Amerykański dług pod koniec 2013 roku przekroczył 17 bilionów dolarów. Mogę się tylko domyślać, że tyle właśnie USA i cały globalny Świat jest winny FED. Amerykański dług w 2013 znowu zaczął rosnąć w lawinowym tempie. Sądzę, choć może się mylę, że w takiej sytuacji Ameryka jest po prostu „zmuszona” prowadzić kolejne wojny. Dla zysku. Dlatego demokrację Amerykanie zaprowadzają w krajach, gdzie nigdy jej nie będzie i dla których to jest w ogóle nienaturalny system. Takie podboje mogą tam trwać w nieskończoność i oto właśnie chodzi. Przecież wojna to najlepszy interes.

 

Zakończenie

 

W tym miejscu odniosę się do początku tekstu. Polski rząd pożycza z prywatnych zagranicznych banków centralnych (choć nie wprost) właśnie takie drukowane pieniądze, które my będziemy musieli kiedyś oddać z procentem. Choć wydrukowane, mogliśmy za nie jako państwo i obywatele kupować i przejadać różne rzeczy. Ktoś w zamian za nie zaoferował nam swoją pracę (np. telewizor). Kiedyś te pieniądze będziemy musieli oddać. Na szczęście mamy piękne lasy...

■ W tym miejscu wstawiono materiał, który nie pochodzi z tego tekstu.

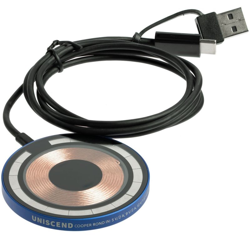 Магнитное зарядное устройство Cooper Rond — это не только притягивающая взгляд электронная начинка под прозрачной панелью, но и мощная (до 15 Вт) беспроводная зарядка Qi.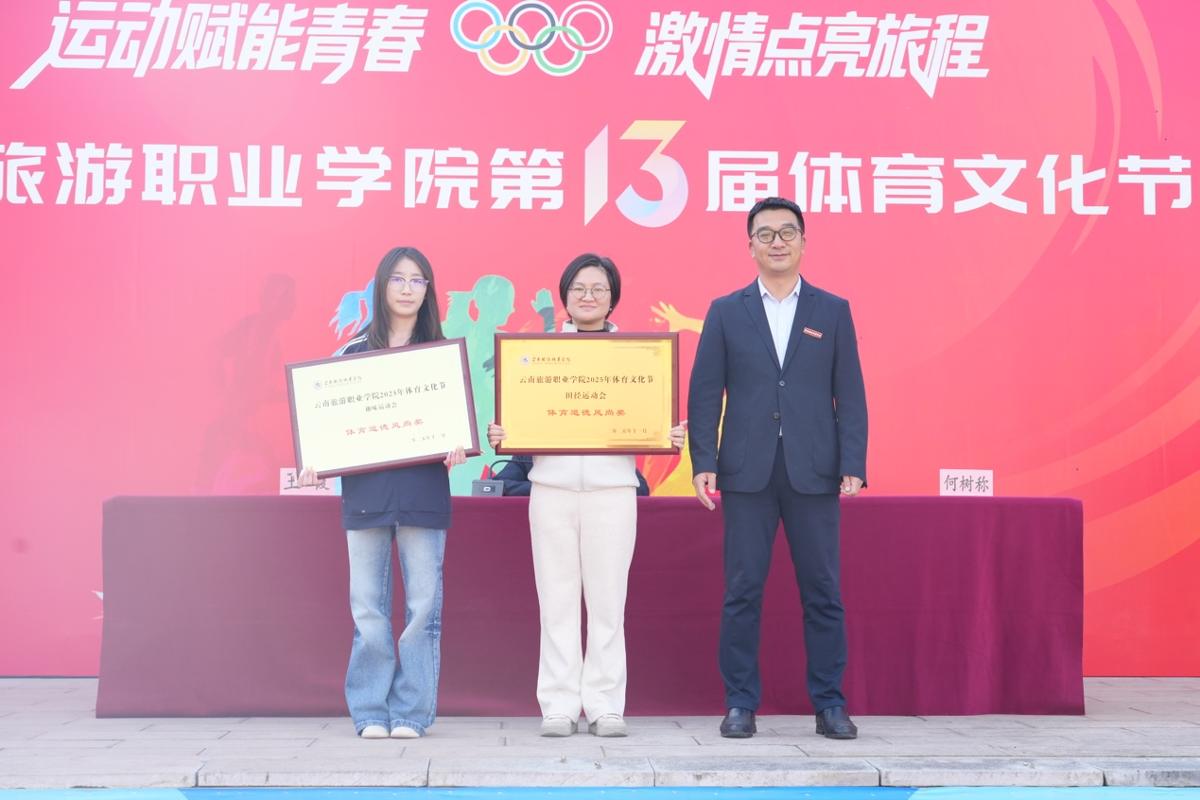 我校领导为本次运动会的获奖团队颁奖。教职工比赛中,教务工会小组摘得桂冠,荣获团体总分第一名。学生比赛中,烹饪学院拔得头筹,在田径比赛和趣味比赛中斩获双金;经济管理学院及旅游管理学院分别获得田径比赛和趣味比赛的体育道德风尚奖;资源工程学院、酒店管理学院、文化艺术学院荣获开幕式入场表演优胜奖。

Słusznie mnie ktoś zapyta: - ale jak oddać ten procent, przecież to idiotyczne, gadasz bzdury pan! Skoro FED pożycza na procent, to po co to robi, skoro tych pieniędzy nie ma na rynku i nigdy wcześniej nie było. Przecież ich nigdy nie odzyska.

W odpowiedzi powołam się tu na ]]>portal CORDIS, na którym pisze]]>, że spośród 43.060 międzynarodowych korporacji 80 proc. z nich należy do 737 firm kontrolujących. Jeśli firmy nie mogą oddać pożyczonych wcześniej pieniędzy, to się je w zamian za długi przejmuje (niedawne problemy General Motors w USA i Kanadzie). Tak właśnie powstają wielkie majątki. Lichwa. Teraz rozumiecie?